Doing Experiential Therapy

Doing Experiential Therapy

Doing Experiential Therapy

 

Workshop Leaders:
Matthieu Villatte, Ph.D.

Robyn D. Walser, Ph.D.
 
Dates & Location of this 2-Day Workshop:
Fairmont The Queen Elizabeth, Montréal, Canada
 
CE credits available: 13
9:00 a.m. - 5:15 p.m. on Tuesday, July 24, 2018
9:00 a.m. - 5:15 p.m. on Wednesday, July 25, 2018
 
Workshop Description:

While Acceptance and Commitment Therapy as well as other third wave therapy techniques have been widely disseminated over the past decade, their application within a truly experiential framework often remains a challenge for therapists.
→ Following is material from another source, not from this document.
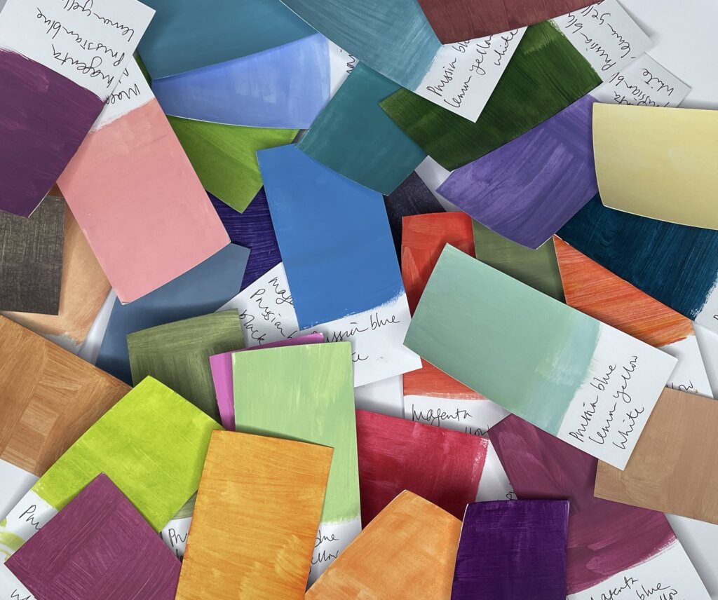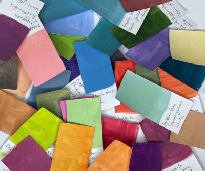 After a bit of loosening up, I might start to play with colours. Colour mixing using a limited palette is fantastic. Louise Fletcher teaches this in her course, but her YouTube videos are also great at explaining how to use a limited palette. I might paint swatches into a sketchbook or onto strips of card (and label them) or directly onto paper.
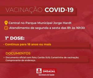A Secretaria de Saúde de Indaial dá continuidade à vacinação contra a Covid-19 em pessoas com 18 anos ou mais e demais grupos já liberados. Os usuários podem se dirigir à Central de Vacinação instalada no Parque Municipal Jorge Hardt, de segunda a sexta, das 8h às 16h30, com atendimento por ordem de chegada. É necessário apresentar carteirinha de vacinação, Cartão do SUS e documento oficial com foto.

The desire for transparency, the need to make rapid progress, the requirements to use EBP –protocols, or simply the difficulty of transforming theoretical knowledge into concrete practice can lead therapists to be too directive and didactic, or conversely, abstract and confusing. The opportunity to develop the autonomy of clients in the sometimes subtle and pragmatic observation of their experience is thereby undermined. Experiential techniques lose their power of deep transformation; exchanges become less personal and meaningful; therapeutic work becomes less interesting and satisfying even to the therapist, and the therapeutic relationship is lost to application of impersonal techniques.

The goal of this training is to assist you in developing or furthering your skill in experiential and process oriented practice. Focus on the therapeutic relationship with emphasis on recognizing interpersonal and intrapersonal processes that can guide intervention. We will build on the principles of contextual behavioral science and relational frame theory, which have been particularly well developed for clinical work in ACT, but are adaptable to all 3rd wave approaches (ex. Mindfulness-based therapies, dialectical behavior therapy, meta-cognitive therapy) and experiential therapies in general (e.g. psychodynamic, hypnosis, gestalt).

What will you learn in this course?

  • Doing experiential work without reliance on standard metaphors and exercises, in natural conversations with your clients.
  • Grounding your clinical practice in a stance of curiosity, openness, and equality.
  • Relying on the therapeutic process rather than on techniques topographically defined to carry your sessions.
  • electing, building, and delivering experiential exercises and metaphors that are linked to the client’s experience and housed in the therapeutic relationship.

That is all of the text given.